Chi-Squared: 2.649576271186441
P-value: 0.10357750184719003
Degrees of Freedom: 1


In [166]:
chi2_contingency(observed)

(2.649576271186441, 0.10357750184719003, 1, array([[39.86486486, 19.13513514],
        [10.13513514,  4.86486486]]))

In [145]:
contingency_table2 = pd.crosstab(cardio[1], cardio[12])
contingency_table2

12,0.0,1.0
1,Unnamed: 1_level_1,Unnamed: 2_level_1
0,45,0
1,5,24


In [152]:
contingency_table2.shape

(2, 2)

In [167]:
chi2_contingency(contingency_table2)

(51.40538058748403,
 7.513233713240164e-13,
 1,
 array([[30.40540541, 14.59459459],
        [19.59459459,  9.40540541]]))

## Part 3 - Analysis and Interpretation

Now that you've looked at the data, answer the following questions:

- Interpret and explain the two t-tests you ran - what do they tell you about the relationships between the continuous features you selected and the class labels?
- Interpret and explain the two Chi-squared tests you ran - what do they tell you about the relationships between the categorical features you selected and the class labels?
- What was the most challenging part of this sprint challenge?

Answer with text, but feel free to intersperse example code/results or refer to it from earlier.

Based on the two t-tests I ran I can tell that there is a statistically significant difference between the means of the patient's fractional shortening measurements given that they lived after 1 year or not.
Based on the two chi-squared tests I can tell that some variables have a strong dependence on the alive-after-1 column.
The most challenging part was determing what variables to run these tests on in order to get an accurate result that I was able to interpret.

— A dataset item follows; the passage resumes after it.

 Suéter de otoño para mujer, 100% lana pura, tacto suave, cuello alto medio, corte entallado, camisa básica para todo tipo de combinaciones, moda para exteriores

## Part 4 - Bayesian vs Frequentist Statistics

Using a minimum of 2-3 sentences, give an explanation of Bayesian and Frequentist statistics, and then compare and contrast these two approaches to statistical inference.

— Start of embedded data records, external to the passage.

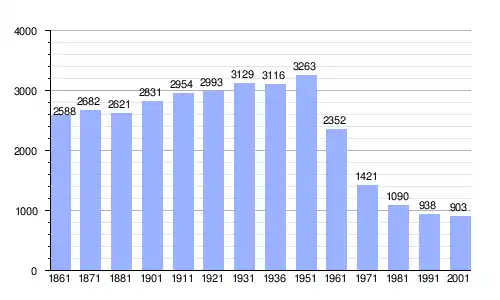 Gráfica de evolución demográfica de San Giovanni d'Asso entre 1861 y 2001 |
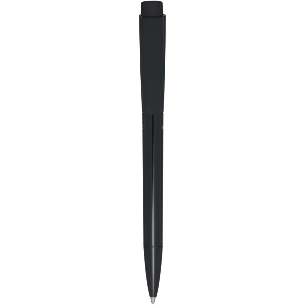 Golyóstoll, amelynek teste és klipsze újrahasznosított műanyagból, hegye pedig rozsdamentes acélból készült. Fekete tollbetéttel. Íráshossz: 3000 méter. Hegyméret: 1,00 mm. Németországban készült.
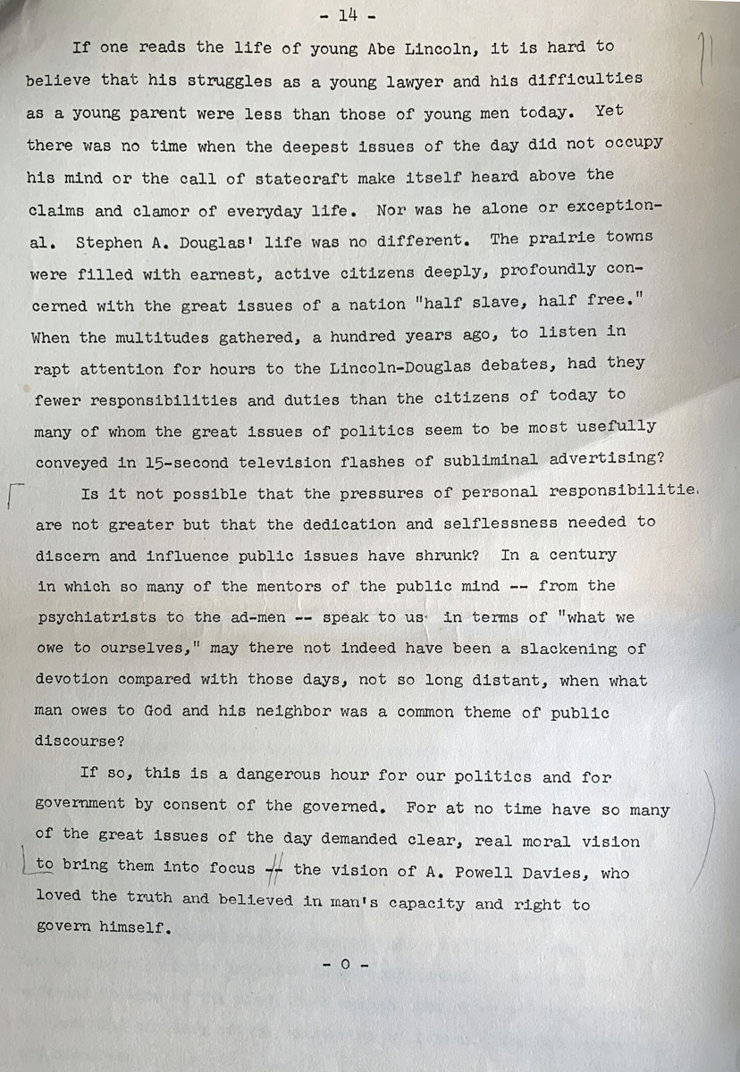 If so, this is a dangerous hour for our politics and for government by consent of the governed. For at no time have so many of the great issues of the day demanded clear, real moral vision to bring them into focus — the vision of A. Powell Davies, who loved the truth and believed in man’s capacity and right to govern himself.

Frequentist statistics does not give or use the probability of a hypothesis and does not have a prior or posterior probability. Frequentist Statistics relies heavily on the pvalues and confidence intervals.

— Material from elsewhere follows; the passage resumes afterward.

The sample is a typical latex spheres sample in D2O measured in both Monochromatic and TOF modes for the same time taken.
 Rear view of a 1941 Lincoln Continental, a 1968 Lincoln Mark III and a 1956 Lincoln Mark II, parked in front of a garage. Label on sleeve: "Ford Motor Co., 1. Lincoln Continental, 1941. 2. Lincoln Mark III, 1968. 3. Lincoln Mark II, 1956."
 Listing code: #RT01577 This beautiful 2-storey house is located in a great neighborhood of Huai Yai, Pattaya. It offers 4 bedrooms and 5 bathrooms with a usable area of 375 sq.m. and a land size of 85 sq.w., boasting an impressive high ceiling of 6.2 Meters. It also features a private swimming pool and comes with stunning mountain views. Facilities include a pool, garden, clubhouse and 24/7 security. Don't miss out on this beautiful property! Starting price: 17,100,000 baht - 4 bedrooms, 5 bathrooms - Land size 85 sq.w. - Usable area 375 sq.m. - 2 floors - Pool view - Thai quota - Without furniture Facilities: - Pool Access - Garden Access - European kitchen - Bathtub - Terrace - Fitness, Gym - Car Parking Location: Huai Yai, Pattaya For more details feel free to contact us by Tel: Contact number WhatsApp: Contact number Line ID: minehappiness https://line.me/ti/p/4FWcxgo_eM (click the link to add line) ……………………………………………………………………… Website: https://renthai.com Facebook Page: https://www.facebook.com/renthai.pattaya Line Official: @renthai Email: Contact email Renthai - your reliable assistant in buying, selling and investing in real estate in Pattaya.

Bayesian statistics uses prior data, knowledge, experiences, etc. to create a probability of the hypothesis known as the prior to create a posterior which is then used as the prior in the event of another calculation.

# Stretch Goals: 
Do these to get a 3. These are not required in order to pass the Sprint Challenge.

## Part 1: 

Make sure that all of your dataframe columns have the appropriate data types. *Hint:* If a column has the datatype of "object" even though it's made up of float or integer values, you can coerce it to act as a numeric column by using the `pd.to_numeric()` function. In order to get a 3 on this section make sure that your data exploration is particularly well commented, easy to follow, and thorough.

## Part 2:

Write functions that can calculate t-tests and chi^2 tests on all of the appropriate column combinations from the dataset. (Remember that certain tests require certain variable types.)

## Part 3: 

Calculate and report confidence intervals on your most important mean estimates (choose at least two). Make some kind of a graphic or visualization to help us see visually how precise these estimates are.

## Part 4:

Give an extra awesome explanation of Bayesian vs Frequentist Statistics. Maybe use code or visualizations, or any other means necessary to show an above average grasp of these high level concepts.

In [None]:
# You can work the stretch goals down here or back up in their regular sections
# just make sure that they are labeled so that we can easily differentiate
# your main work from the stretch goals.